2.2. Escherichia coli Pathotyping PCR and Prediction of Pathotypes

About 3 μL of lysogeny broth cultures (about 3 × 105 CFU) were used as template DNA in a modified multiplex PCR (MP-PCR-VAGs), in total targeting 10 virulence-associated genes (VAGs), which are associated with different pathotypes of intestinal pathogenic E. coli [13,14,15]. In detail, E. coli isolates were tested for the presence of genes of adhesive fimbriae F4 (encoded by the gene faeG), F5 (fanA), F6 (fasA), F18 (fedA), and F41 (fimF41a), the afimbrial adhesin intimin (eae), heat-labile E. coli enterotoxins LT-Ia and LT-Ib (eltB-Ip), heat-stable E. coli enterotoxins ST-Ia and ST-II (estap/estb), and shiga toxin 2 (stx2). Positive controls used were E. coli strains B41 (fimF41a, fanA, estap), 987P (fasA, estap), E57 (fedA, estap, estb, stx2), G7 (faeG, eltB-Ip), and TTP-1 (eae, stx2). An E. coli K-12 laboratory strain was used as a negative control. Details regarding primers and controls used in the MP-PCR-VAGs are provided in Table S1. Each study isolate that proved positive for at least one of the tested VAGs was stored in a glycerin stock at −80 °C. If isolates from the same pig showed different VAG profiles, a representative isolate of each profile was stored. Part of the pathotyping PCRs have already been conducted as part of a recent study [7].
Pathotype prediction was conducted based on the presence of VAGs determined by PCR: Adhesive fimbriae E. coli (in the following termed AdhF-Ec), positive for at least one adhesive fimbriae gene (faeG, fanA, fasA, fedA, fimF41a); AEEC (often also referred to as atypical EPEC), positive for eae; EDEC, positive for fedA and stx2; ETEC, positive for at least one adhesive fimbriae gene (faeG, fanA, fasA, fedA, fimF41a) and at least one enterotoxin gene (eltB-Ip, estap, estb); ETEC-like, positive for at least one enterotoxin gene (eltB-Ip, estap, estb); ETEC/STEC hybrid (in the following simply termed ETEC/STEC), positive for at least one adhesive fimbriae gene (faeG, fanA, fasA, fedA, fimF41a) and at least one enterotoxin gene (eltB-Ip, estap, estb) and stx2; STEC, positive for stx2; other, positive for a combination of VAGs not covered by the previously defined pathotypes.

2.3. PCR for the Detection of Mobile Colistin Resistance Genes mcr-1 to mcr-10

Two multiplex (MP) PCRs were applied to detect mcr-1 to mcr-10 genes.
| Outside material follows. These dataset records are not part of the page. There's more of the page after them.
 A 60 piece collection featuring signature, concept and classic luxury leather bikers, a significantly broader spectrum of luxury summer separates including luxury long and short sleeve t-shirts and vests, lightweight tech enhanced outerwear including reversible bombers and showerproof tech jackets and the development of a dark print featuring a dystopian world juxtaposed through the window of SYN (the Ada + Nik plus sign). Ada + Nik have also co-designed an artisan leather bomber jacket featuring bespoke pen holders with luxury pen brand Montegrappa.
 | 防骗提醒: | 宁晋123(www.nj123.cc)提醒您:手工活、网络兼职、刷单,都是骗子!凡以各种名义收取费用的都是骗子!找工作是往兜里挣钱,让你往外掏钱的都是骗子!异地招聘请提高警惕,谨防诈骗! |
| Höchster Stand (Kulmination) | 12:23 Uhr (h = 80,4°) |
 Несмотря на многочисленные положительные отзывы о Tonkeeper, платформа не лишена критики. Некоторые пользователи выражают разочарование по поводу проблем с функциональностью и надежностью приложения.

The first MP-PCR enabled the detection of genes mcr-1 to mcr-5 and was mostly based on previously published primer sequences [12,16,17,18,19]. Only one primer (MCR-5-mp-fw) was newly created in this study. The second MP-PCR protocol was based on a previous protocol [19] that we modified by including two primers to amplify the novel mcr-10 gene in addition to genes mcr-6 to mcr-9. Details regarding primers and controls used in MCR MP-PCRs I and II are provided in Table S1.
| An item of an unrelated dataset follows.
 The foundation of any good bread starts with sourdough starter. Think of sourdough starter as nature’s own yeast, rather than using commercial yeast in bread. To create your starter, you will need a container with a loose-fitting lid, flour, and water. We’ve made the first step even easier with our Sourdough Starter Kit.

2.4. Whole Genome Sequence Analysis

Genomic DNA was extracted from E. coli bacteria using the Master Pure™ DNA Purification Kit (Biozym Scientific GmbH, Hessisch Oldendorf, Germany). Bacterial genomes were sequenced using an Illumina MiSeq sequencer (MiSeq Reagent Kit V.3; Illumina Inc., San Diego, CA, USA) via multiplexing of 30 samples per flow cell using 2 × 150 bp paired-end reads to obtain an average coverage of 90-fold. Quality control, including contamination removal and adapter trimming, were performed using an in-house pipeline. De novo assemblies were generated via the SPAdes Genome Assembler (v3.15.5) with the “—isolate” flag [20]. The Bakta pipeline (v1.8.2) was employed using species-specific databases for genomic annotation of the bacterial genomes [21].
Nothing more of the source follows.